**Dataset extract**
================================

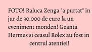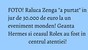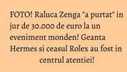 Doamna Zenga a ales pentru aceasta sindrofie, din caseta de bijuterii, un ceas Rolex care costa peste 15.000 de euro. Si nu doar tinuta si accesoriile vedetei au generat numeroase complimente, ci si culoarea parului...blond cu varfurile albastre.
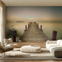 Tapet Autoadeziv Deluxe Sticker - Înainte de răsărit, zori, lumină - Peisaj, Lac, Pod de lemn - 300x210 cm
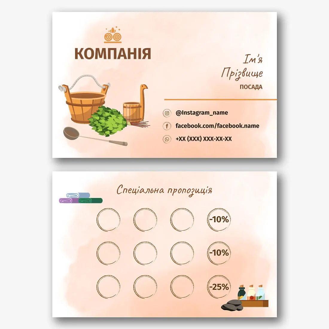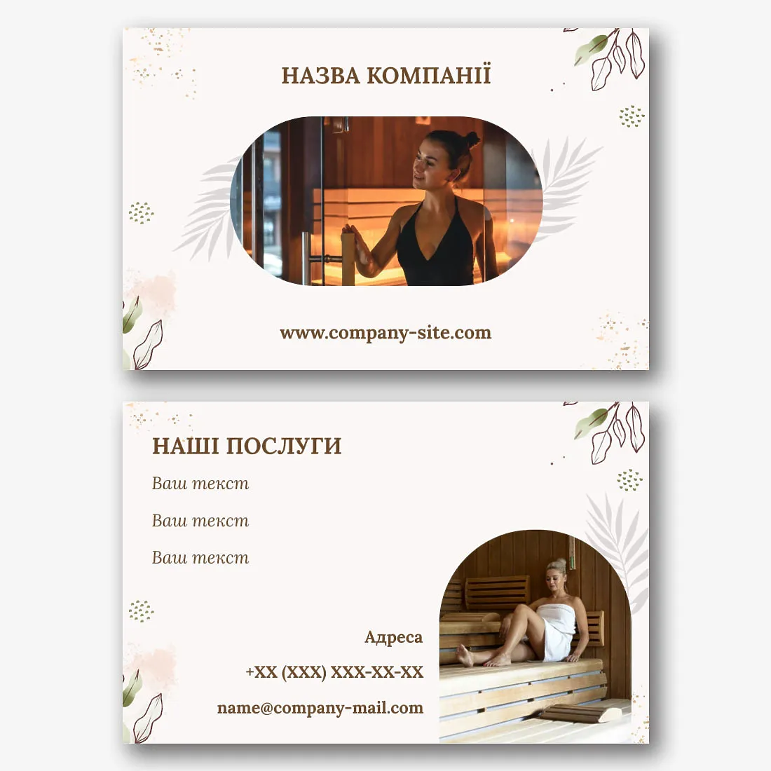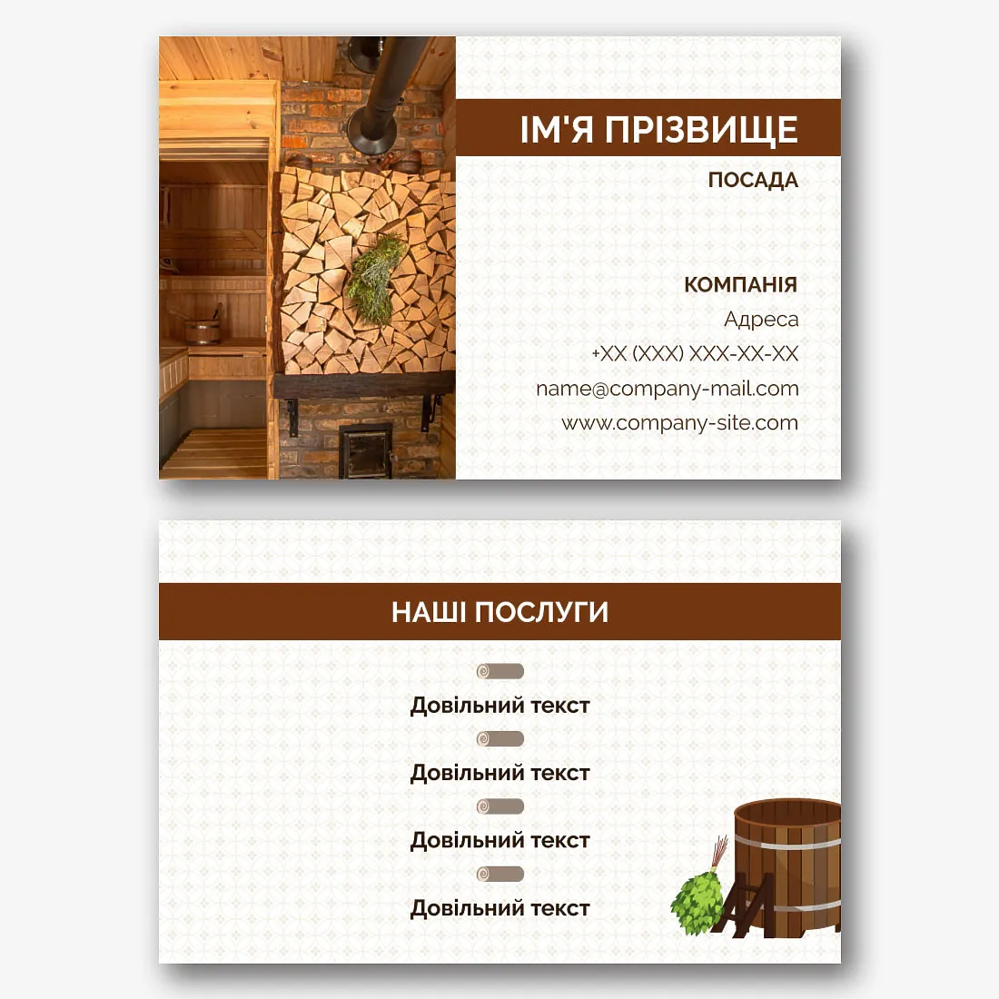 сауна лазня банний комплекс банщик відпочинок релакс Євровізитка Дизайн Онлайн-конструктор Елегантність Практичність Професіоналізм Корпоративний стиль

================================

**Work instructions**
Please retype the data exactly as it appears, but without any of its pictures.

**Exercise result**
 Doamna Zenga a ales pentru aceasta sindrofie, din caseta de bijuterii, un ceas Rolex care costa peste 15.000 de euro. Si nu doar tinuta si accesoriile vedetei au generat numeroase complimente, ci si culoarea parului...blond cu varfurile albastre.
 Tapet Autoadeziv Deluxe Sticker - Înainte de răsărit, zori, lumină - Peisaj, Lac, Pod de lemn - 300x210 cm
 сауна лазня банний комплекс банщик відпочинок релакс Євровізитка Дизайн Онлайн-конструктор Елегантність Практичність Професіоналізм Корпоративний стиль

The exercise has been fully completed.